> PROVIDED INFORMATION:
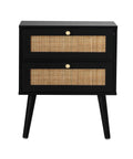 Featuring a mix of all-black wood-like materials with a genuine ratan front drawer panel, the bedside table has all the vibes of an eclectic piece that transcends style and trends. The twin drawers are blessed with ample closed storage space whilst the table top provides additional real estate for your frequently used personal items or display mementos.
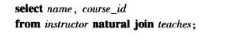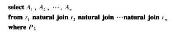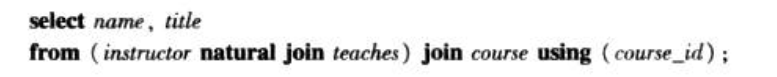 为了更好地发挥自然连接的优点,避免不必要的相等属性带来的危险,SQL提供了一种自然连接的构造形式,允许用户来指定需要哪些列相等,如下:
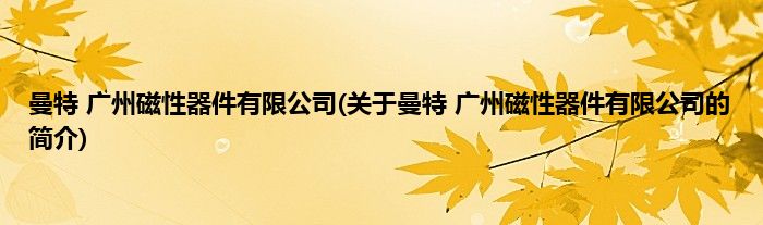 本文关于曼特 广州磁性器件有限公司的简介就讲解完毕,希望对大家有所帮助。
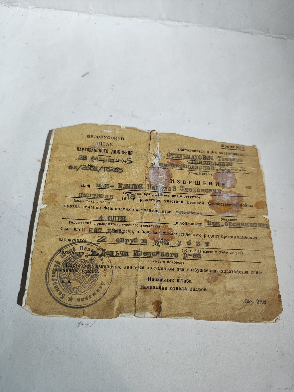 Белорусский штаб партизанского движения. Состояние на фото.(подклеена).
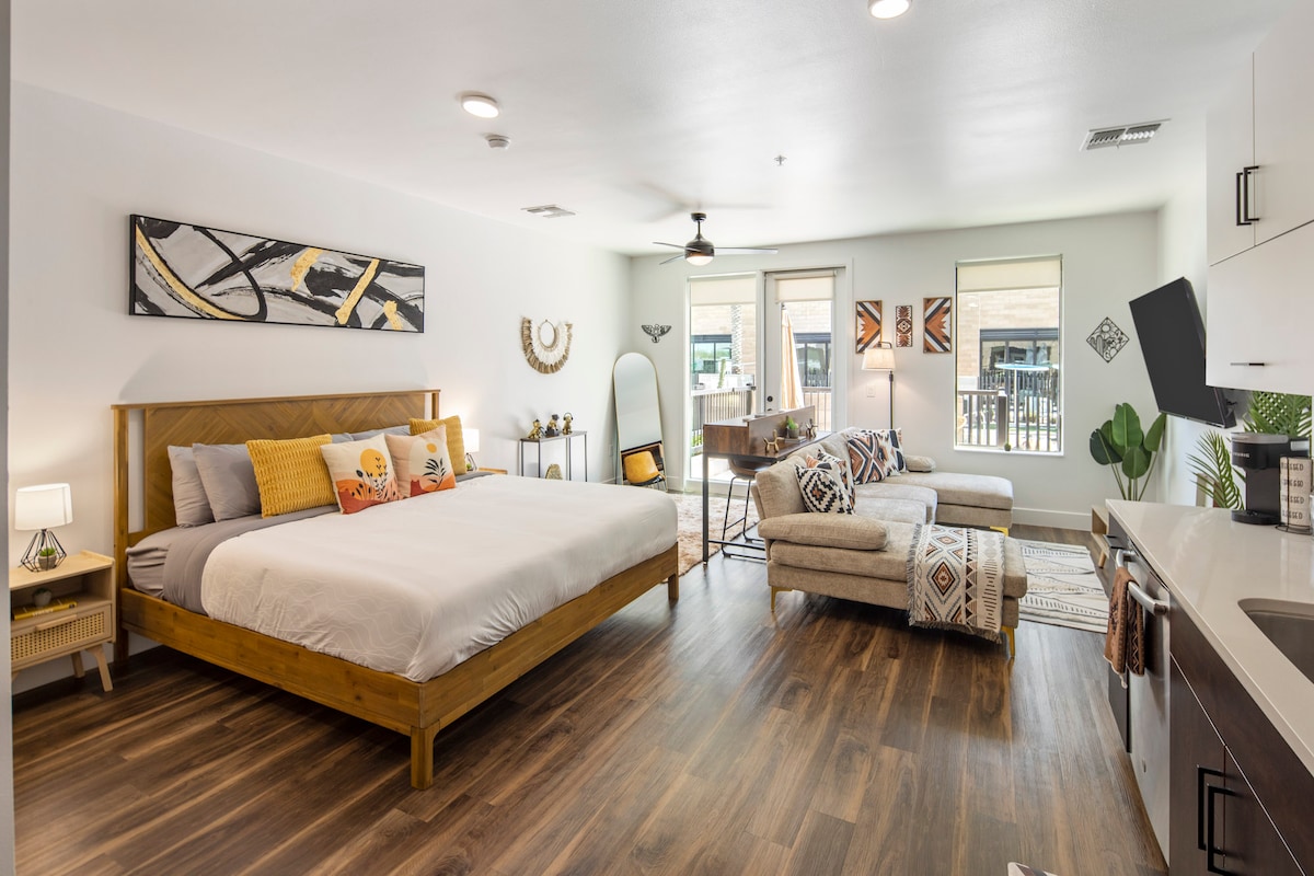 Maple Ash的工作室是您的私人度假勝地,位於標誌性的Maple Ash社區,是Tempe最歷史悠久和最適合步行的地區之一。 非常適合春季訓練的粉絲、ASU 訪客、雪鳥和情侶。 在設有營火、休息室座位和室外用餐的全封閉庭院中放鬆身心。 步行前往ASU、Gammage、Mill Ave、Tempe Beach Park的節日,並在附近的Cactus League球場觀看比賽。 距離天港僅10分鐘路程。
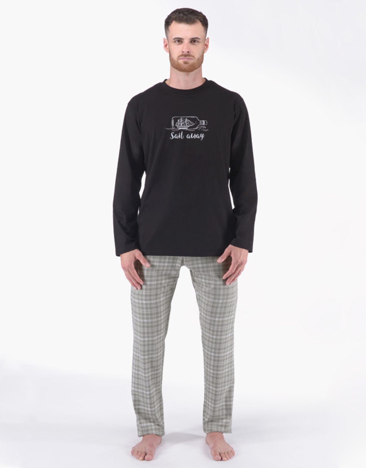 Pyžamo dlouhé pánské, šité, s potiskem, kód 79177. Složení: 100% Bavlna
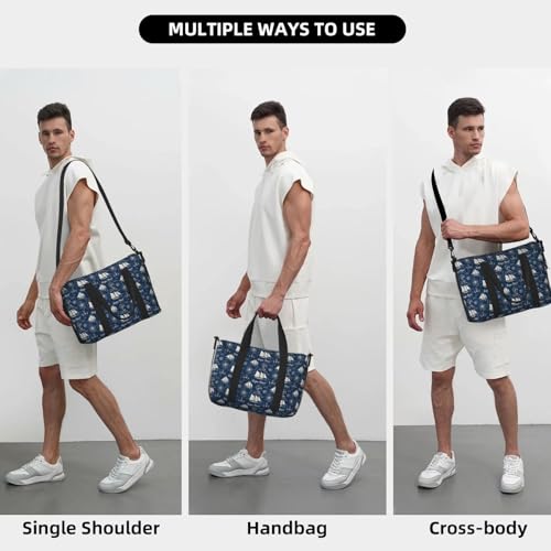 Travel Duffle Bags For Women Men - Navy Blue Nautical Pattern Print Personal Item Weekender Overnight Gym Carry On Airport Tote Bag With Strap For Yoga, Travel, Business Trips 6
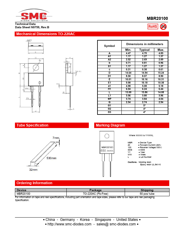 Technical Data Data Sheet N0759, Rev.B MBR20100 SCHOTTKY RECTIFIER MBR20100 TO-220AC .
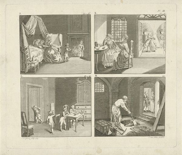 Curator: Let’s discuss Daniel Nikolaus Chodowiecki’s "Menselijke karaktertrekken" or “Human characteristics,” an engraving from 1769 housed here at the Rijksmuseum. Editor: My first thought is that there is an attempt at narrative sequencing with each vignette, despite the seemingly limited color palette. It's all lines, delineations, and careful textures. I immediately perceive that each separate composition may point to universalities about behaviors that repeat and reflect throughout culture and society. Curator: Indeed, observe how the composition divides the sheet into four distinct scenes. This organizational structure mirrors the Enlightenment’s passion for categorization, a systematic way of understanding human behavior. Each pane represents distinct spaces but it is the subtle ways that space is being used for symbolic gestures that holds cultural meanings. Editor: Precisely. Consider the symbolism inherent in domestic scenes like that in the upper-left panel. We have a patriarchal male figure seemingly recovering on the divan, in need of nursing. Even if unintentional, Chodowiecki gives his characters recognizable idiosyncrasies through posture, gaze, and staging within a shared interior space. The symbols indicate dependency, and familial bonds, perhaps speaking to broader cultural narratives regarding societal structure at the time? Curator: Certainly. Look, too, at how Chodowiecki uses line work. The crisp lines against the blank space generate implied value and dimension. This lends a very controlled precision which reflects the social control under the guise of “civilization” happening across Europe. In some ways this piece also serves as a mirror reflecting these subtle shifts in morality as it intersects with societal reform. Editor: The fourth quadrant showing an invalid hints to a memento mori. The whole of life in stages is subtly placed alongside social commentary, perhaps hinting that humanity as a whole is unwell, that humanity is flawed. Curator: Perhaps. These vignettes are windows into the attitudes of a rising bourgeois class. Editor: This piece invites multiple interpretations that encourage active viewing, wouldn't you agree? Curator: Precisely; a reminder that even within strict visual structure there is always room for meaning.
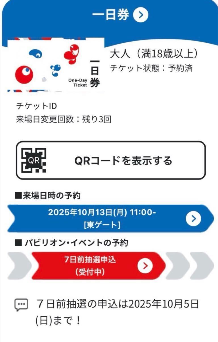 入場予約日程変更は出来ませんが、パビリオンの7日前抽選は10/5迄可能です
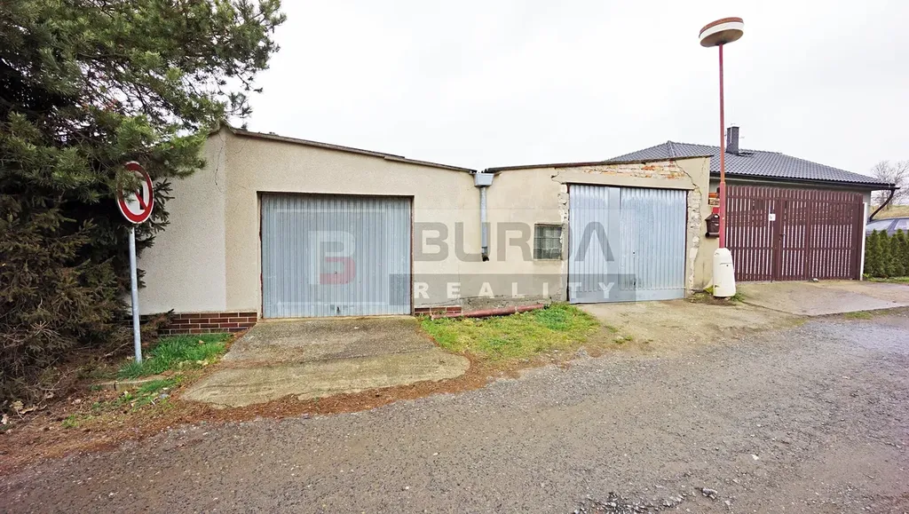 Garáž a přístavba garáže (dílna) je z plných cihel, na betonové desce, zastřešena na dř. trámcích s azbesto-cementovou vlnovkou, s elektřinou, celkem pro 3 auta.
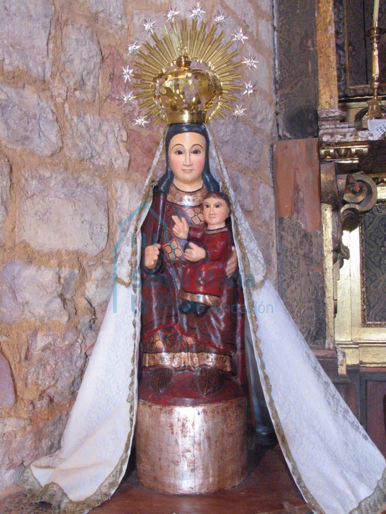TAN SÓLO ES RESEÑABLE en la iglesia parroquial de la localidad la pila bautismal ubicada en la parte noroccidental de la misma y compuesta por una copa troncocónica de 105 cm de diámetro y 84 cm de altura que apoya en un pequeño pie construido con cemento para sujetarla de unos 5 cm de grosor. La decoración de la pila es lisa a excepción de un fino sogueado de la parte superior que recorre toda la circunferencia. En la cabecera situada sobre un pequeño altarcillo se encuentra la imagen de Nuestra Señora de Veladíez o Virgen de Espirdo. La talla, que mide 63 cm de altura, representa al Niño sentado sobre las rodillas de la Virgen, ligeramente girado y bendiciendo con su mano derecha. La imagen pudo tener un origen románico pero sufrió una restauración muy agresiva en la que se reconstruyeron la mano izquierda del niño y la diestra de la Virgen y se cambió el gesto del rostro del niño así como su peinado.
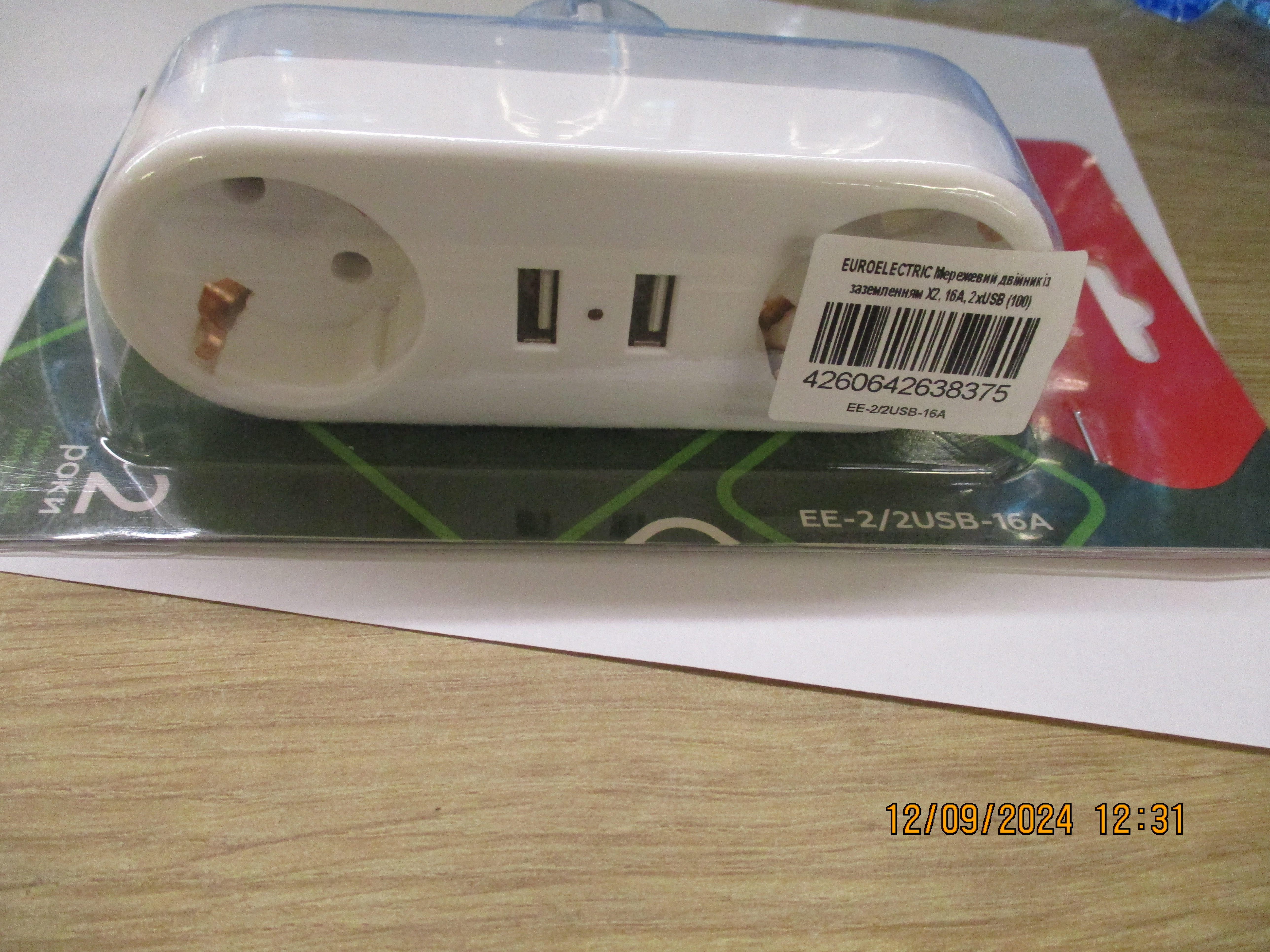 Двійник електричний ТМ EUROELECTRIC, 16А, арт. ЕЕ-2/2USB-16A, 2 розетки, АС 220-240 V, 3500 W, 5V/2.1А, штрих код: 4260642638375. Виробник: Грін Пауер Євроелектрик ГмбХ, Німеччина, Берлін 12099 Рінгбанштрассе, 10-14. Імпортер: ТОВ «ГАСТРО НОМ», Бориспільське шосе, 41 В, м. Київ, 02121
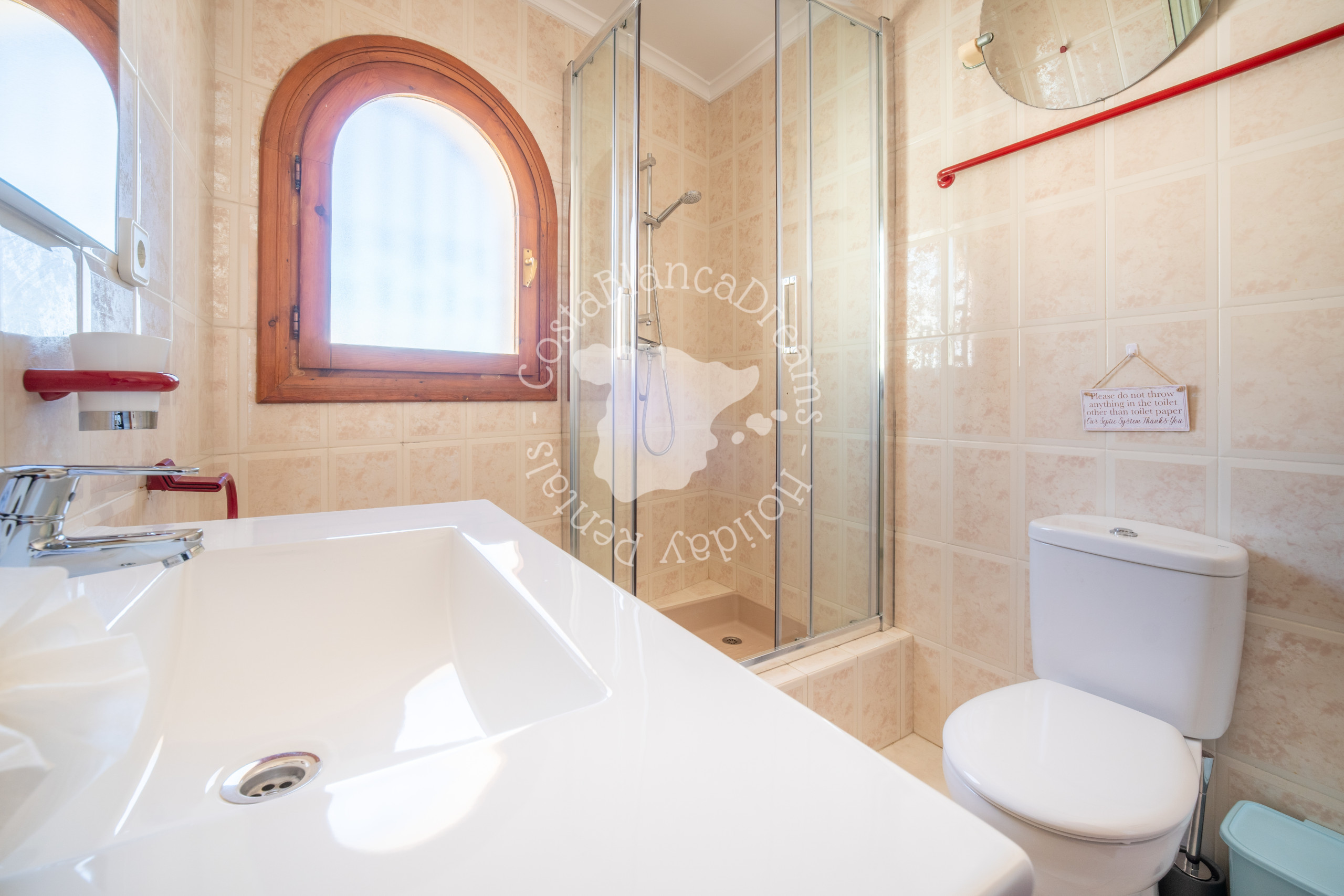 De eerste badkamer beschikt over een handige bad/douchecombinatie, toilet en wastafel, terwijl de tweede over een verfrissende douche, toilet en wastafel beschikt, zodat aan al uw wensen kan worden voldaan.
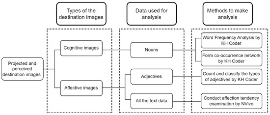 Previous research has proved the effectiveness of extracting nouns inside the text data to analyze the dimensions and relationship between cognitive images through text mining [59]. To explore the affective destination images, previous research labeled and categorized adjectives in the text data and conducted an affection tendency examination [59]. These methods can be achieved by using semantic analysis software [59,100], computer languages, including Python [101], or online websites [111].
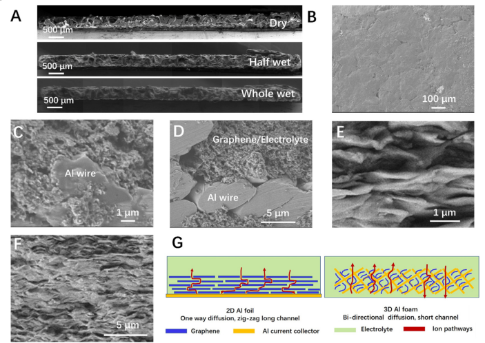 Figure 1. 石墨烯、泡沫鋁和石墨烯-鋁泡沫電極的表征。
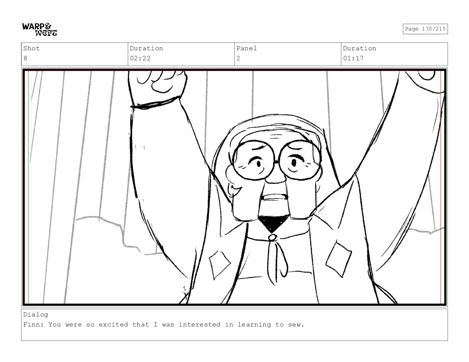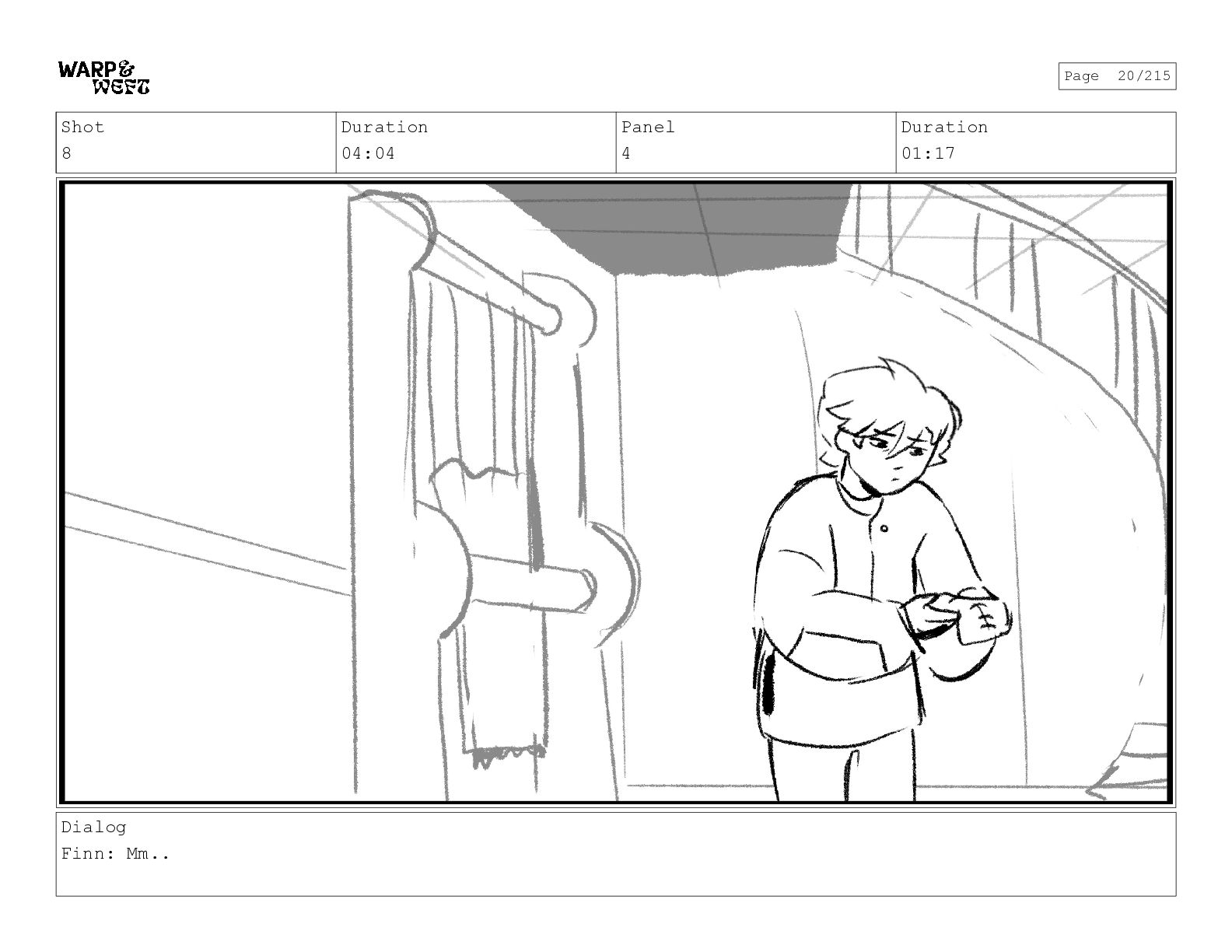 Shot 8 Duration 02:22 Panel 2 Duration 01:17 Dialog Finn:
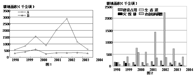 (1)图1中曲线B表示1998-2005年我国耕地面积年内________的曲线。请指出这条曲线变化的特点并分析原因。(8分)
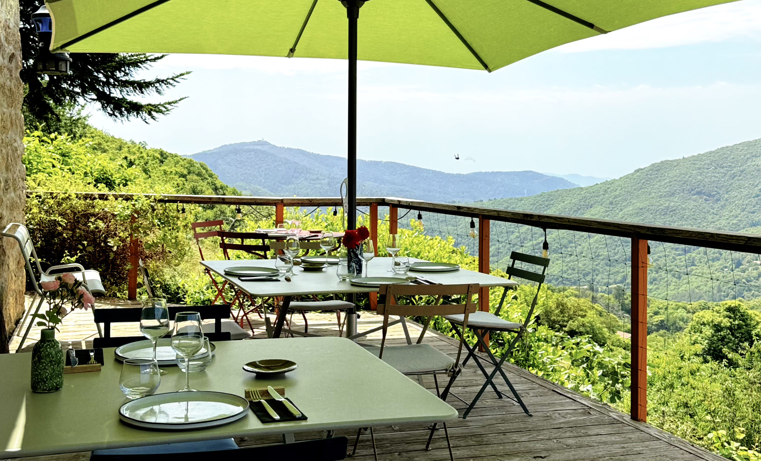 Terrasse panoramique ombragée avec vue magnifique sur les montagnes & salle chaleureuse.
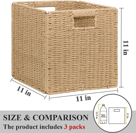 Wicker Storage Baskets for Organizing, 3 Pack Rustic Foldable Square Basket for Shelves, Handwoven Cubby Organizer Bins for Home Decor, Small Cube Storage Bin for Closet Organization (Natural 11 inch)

> THE PROBLEM:
Give back, unaltered, each line of the listing from the first to the line that contains "Technical Data Data", leaving every picture out.

> EXERCISE ANSWER:
 Featuring a mix of all-black wood-like materials with a genuine ratan front drawer panel, the bedside table has all the vibes of an eclectic piece that transcends style and trends. The twin drawers are blessed with ample closed storage space whilst the table top provides additional real estate for your frequently used personal items or display mementos.
 为了更好地发挥自然连接的优点,避免不必要的相等属性带来的危险,SQL提供了一种自然连接的构造形式,允许用户来指定需要哪些列相等,如下:
 本文关于曼特 广州磁性器件有限公司的简介就讲解完毕,希望对大家有所帮助。
 Белорусский штаб партизанского движения. Состояние на фото.(подклеена).
 Maple Ash的工作室是您的私人度假勝地,位於標誌性的Maple Ash社區,是Tempe最歷史悠久和最適合步行的地區之一。 非常適合春季訓練的粉絲、ASU 訪客、雪鳥和情侶。 在設有營火、休息室座位和室外用餐的全封閉庭院中放鬆身心。 步行前往ASU、Gammage、Mill Ave、Tempe Beach Park的節日,並在附近的Cactus League球場觀看比賽。 距離天港僅10分鐘路程。
 Pyžamo dlouhé pánské, šité, s potiskem, kód 79177. Složení: 100% Bavlna
 Travel Duffle Bags For Women Men - Navy Blue Nautical Pattern Print Personal Item Weekender Overnight Gym Carry On Airport Tote Bag With Strap For Yoga, Travel, Business Trips 6
 Technical Data Data Sheet N0759, Rev.B MBR20100 SCHOTTKY RECTIFIER MBR20100 TO-220AC .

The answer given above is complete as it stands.